Per Oskar "Pelle" Svensson (6 February 1943 – 17 December 2020) was a Swedish Greco-Roman wrestler and lawyer. His achievements included a silver medal at the 1964 Summer Olympics in the light heavyweight class and two gold medals at the World Championships in 1970 and 1971.

Wrestling career 
Svensson, who started his career in wrestling in 1955, competed for the clubs Sundsvalls AIK and Heby BK. He won the Swedish Championships for the first time in 1962, competing in the 100 kg class. He won the Swedish Championships for thirteen consecutive years until his retirement in 1974. He competed at the World Championships for the first time in 1963, ending up fourth.

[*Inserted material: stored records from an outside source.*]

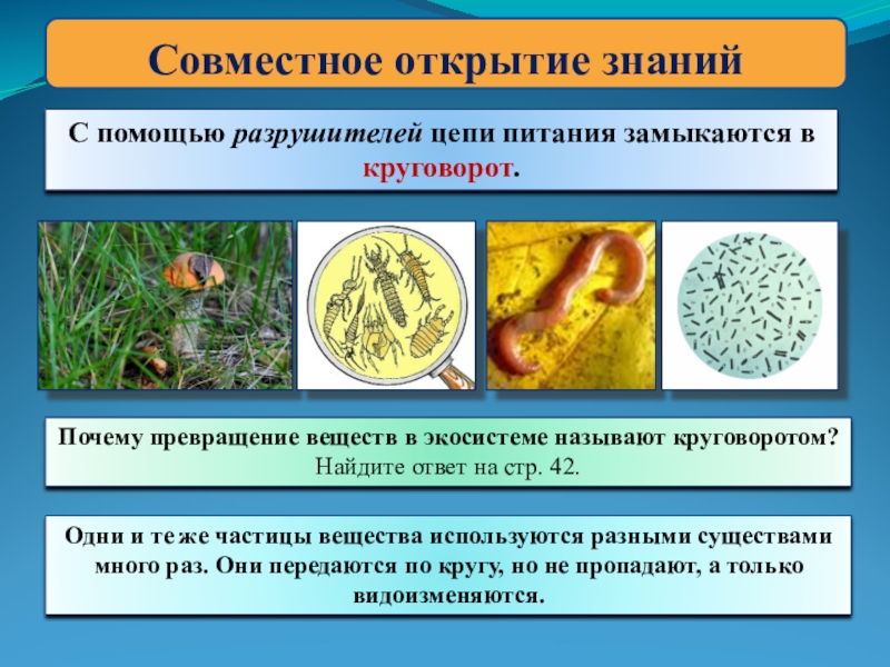 (мёртвые остатки организмов, почва, питание)
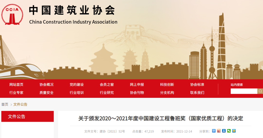 12月14日,中国建筑业协会发布《关于颁发2020~2021年度中国建设工程鲁班奖(国家优质工程)的决定》。
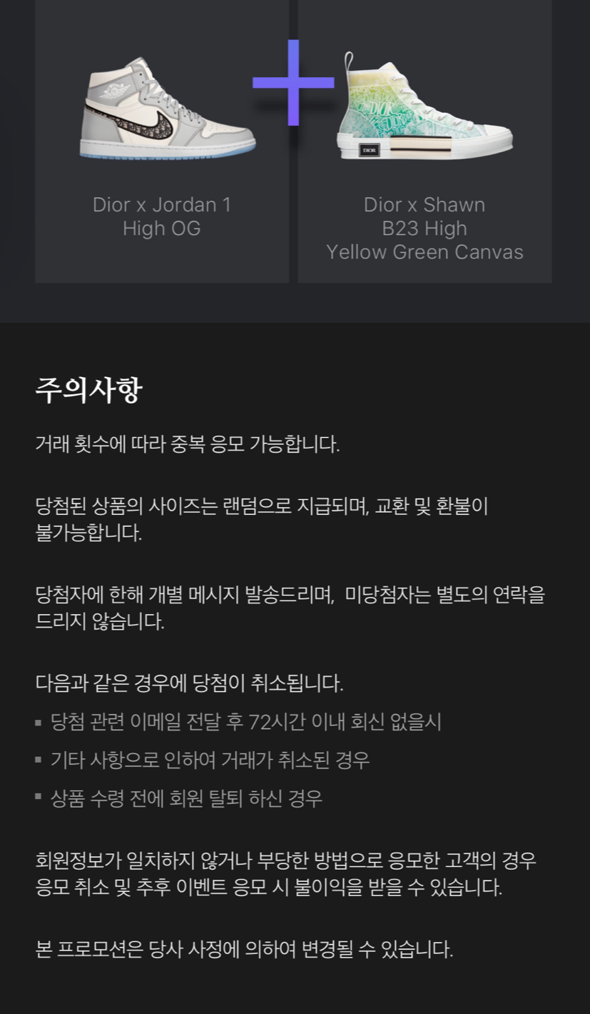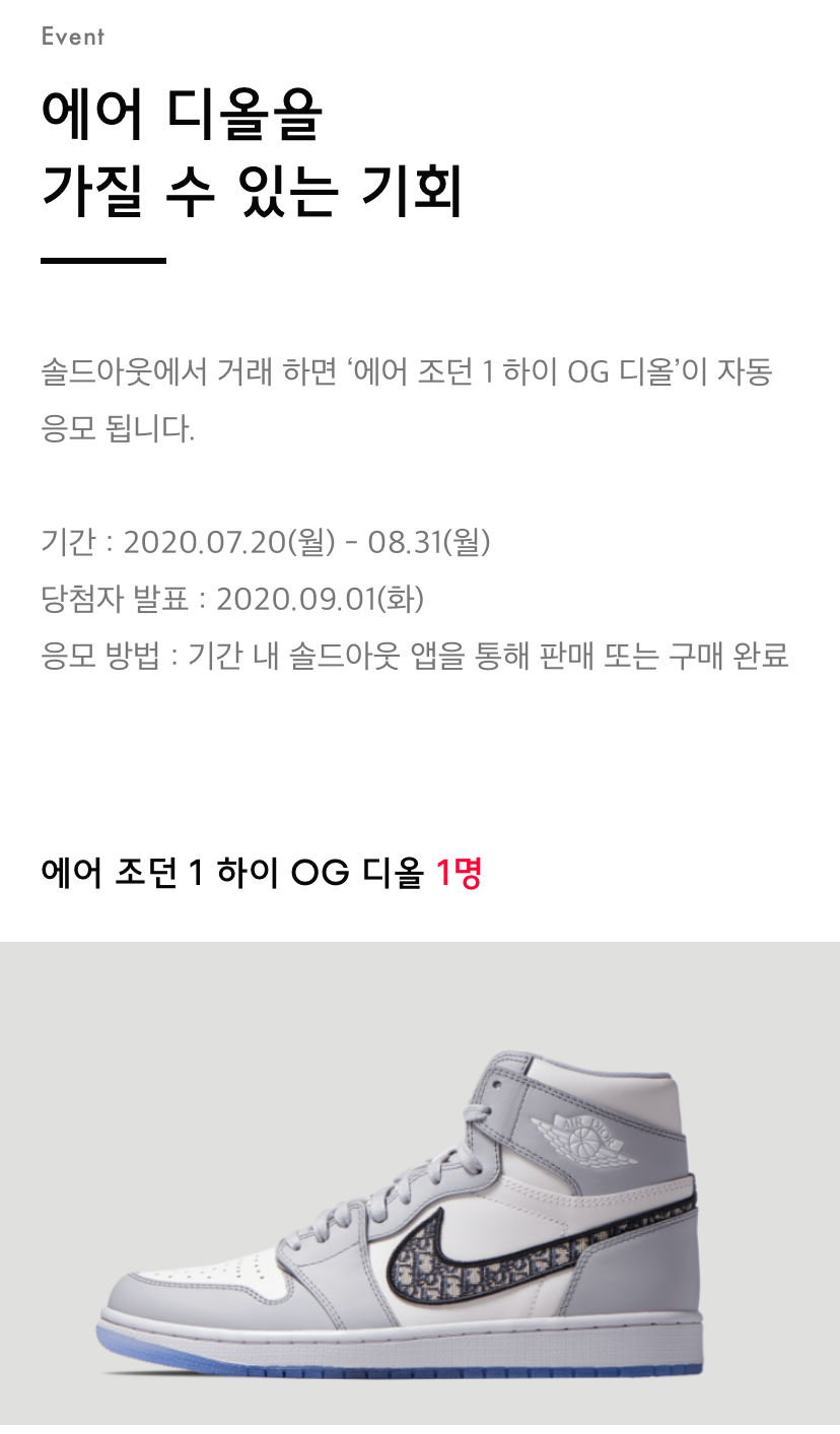 1. 디올 조던 이벤트는 지난 주 20일부터 솔드아웃에서 먼저 시작했다. 그리고 오늘 크림이 이벤트를 8월 1일부터한다는 공지를 하고 다시 오후에 28일부터로 바꿨다. 결국, 이벤트 기간과 상품은 크게 다르지 않다.(물론 크림이 디올 스니커즈를 추가로 주긴하나 메인은 '디올 조던1 하이'이다.)
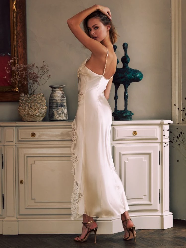 Ein langes Nachthemd der Luxusklasse ist das Seidennachthemd Ruby No. 4 der französischen Edel-Marke Marjolaine. Der edle Seidensatin ist aus 92% Seide und 8% Elasthan gefertigt. Das lange Nachtkleid aus Satin ist kombiniert mit einer floralen Spitze. Die Spitze verziert dabei den Ausschnitt und den langen, seitlichen Schlitz.
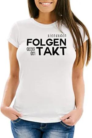 Damen T-Shirt niemandem Folgen außer dem Takt Sprüche Party Feiern Techno Festival Slim Fit Weiss XS

At the 1964 Summer Olympics held in Tokyo, Japan, Svensson won a silver medal in the light heavyweight class. He also won two gold medals at the European Championships in 1969 and 1970 and two gold medals at the World Championships in 1970 and 1971, as well as three bronze medals at the European Championships in 1966, 1967, and 1968. As a wrestler he was nicknamed Pelle Swing in Sweden.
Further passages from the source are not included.